* Available data
________________

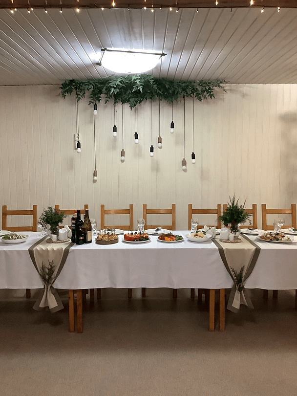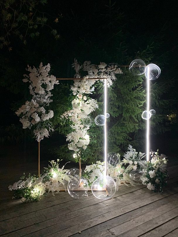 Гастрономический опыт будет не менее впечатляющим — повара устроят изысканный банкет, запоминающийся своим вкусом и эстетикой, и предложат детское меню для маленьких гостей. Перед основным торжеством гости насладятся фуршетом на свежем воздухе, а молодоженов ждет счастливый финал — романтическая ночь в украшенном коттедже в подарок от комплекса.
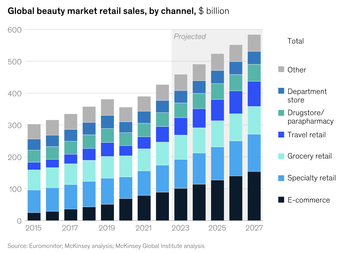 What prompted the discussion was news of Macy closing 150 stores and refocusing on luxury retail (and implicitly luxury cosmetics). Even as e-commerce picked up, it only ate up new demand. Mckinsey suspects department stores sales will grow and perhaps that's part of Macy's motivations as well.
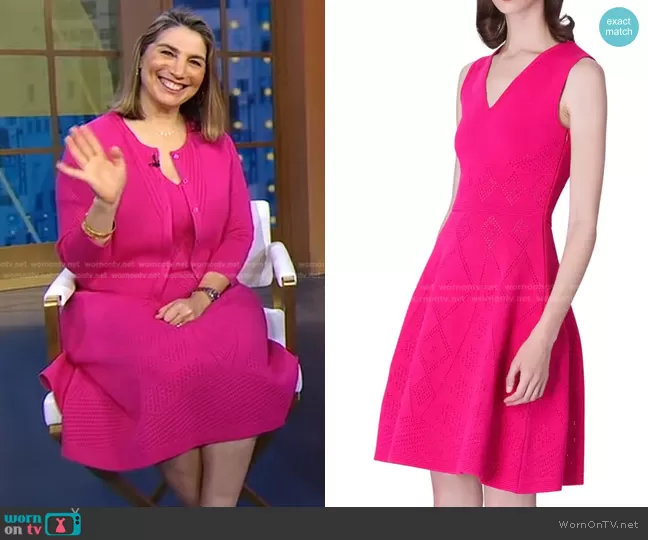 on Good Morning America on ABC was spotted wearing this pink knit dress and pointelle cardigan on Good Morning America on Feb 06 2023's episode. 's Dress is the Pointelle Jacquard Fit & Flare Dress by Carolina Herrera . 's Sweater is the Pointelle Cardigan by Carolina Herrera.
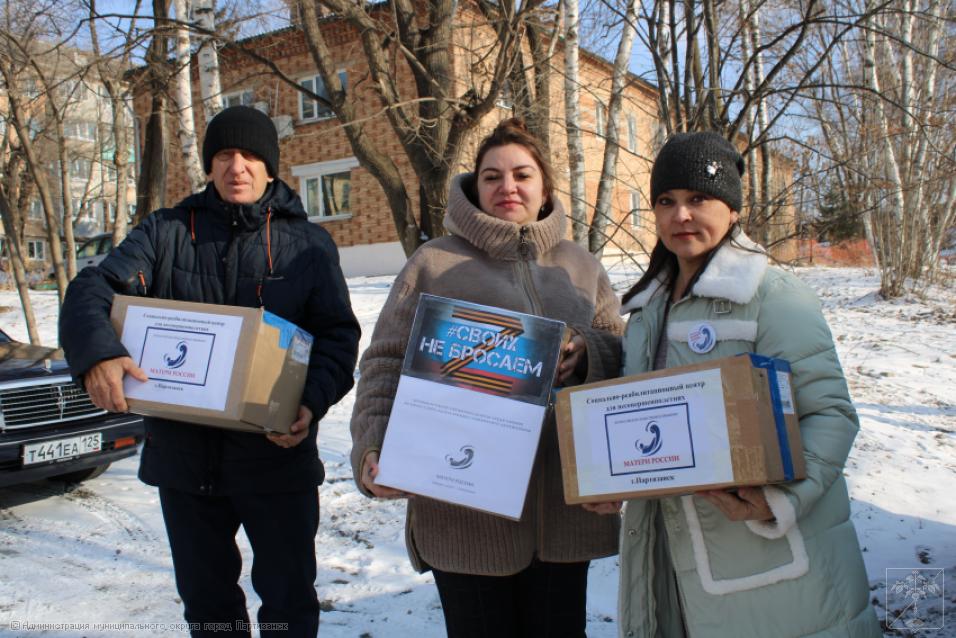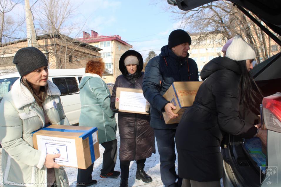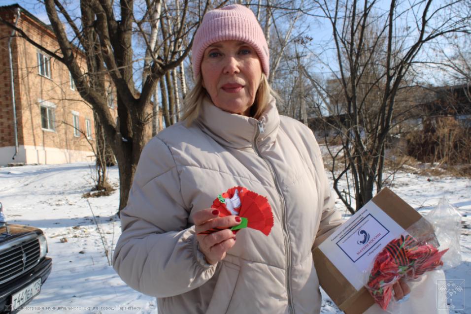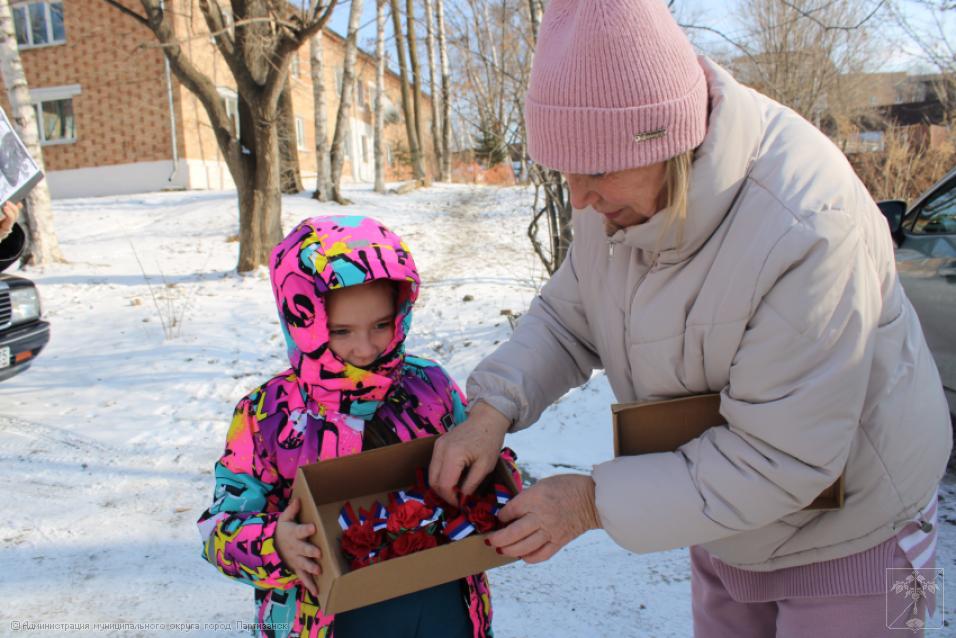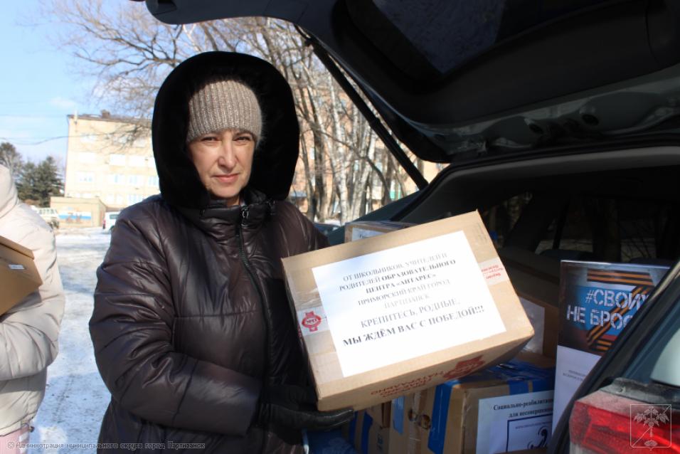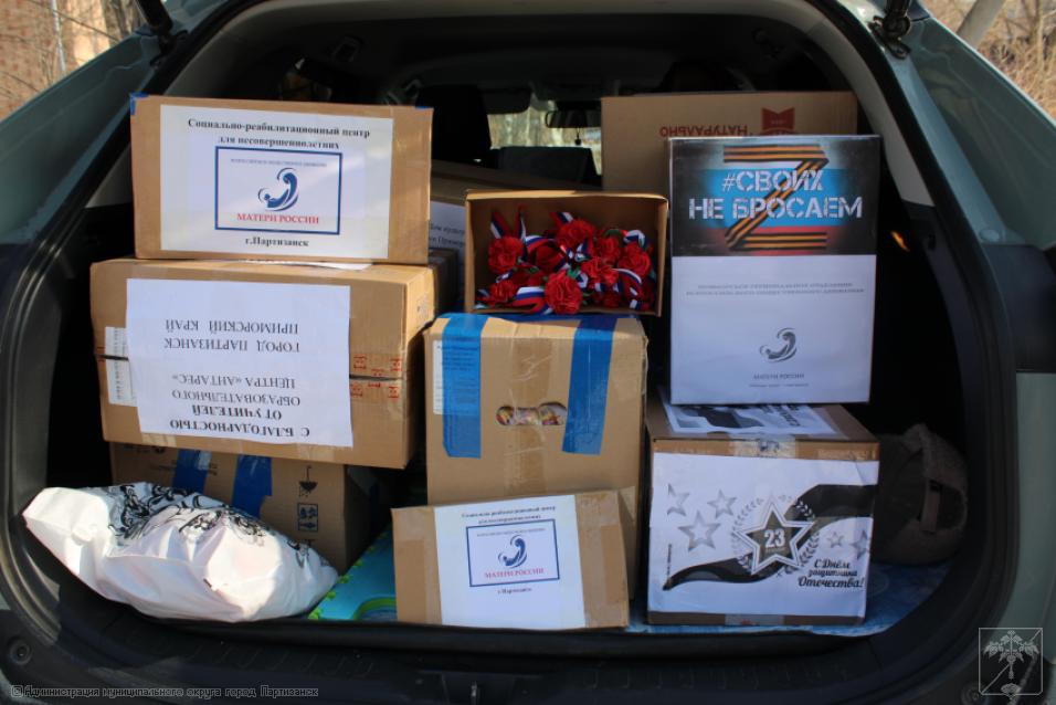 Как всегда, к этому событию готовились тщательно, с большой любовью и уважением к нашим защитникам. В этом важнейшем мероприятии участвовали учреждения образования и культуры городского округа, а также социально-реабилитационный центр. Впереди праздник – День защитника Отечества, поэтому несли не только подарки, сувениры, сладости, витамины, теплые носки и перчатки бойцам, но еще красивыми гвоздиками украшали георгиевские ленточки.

________________

* What you should do
Give back exactly the lines from the first line of the data through the line with "What prompted the", pictures excluded.

* Solution below
 Гастрономический опыт будет не менее впечатляющим — повара устроят изысканный банкет, запоминающийся своим вкусом и эстетикой, и предложат детское меню для маленьких гостей. Перед основным торжеством гости насладятся фуршетом на свежем воздухе, а молодоженов ждет счастливый финал — романтическая ночь в украшенном коттедже в подарок от комплекса.
 What prompted the discussion was news of Macy closing 150 stores and refocusing on luxury retail (and implicitly luxury cosmetics). Even as e-commerce picked up, it only ate up new demand. Mckinsey suspects department stores sales will grow and perhaps that's part of Macy's motivations as well.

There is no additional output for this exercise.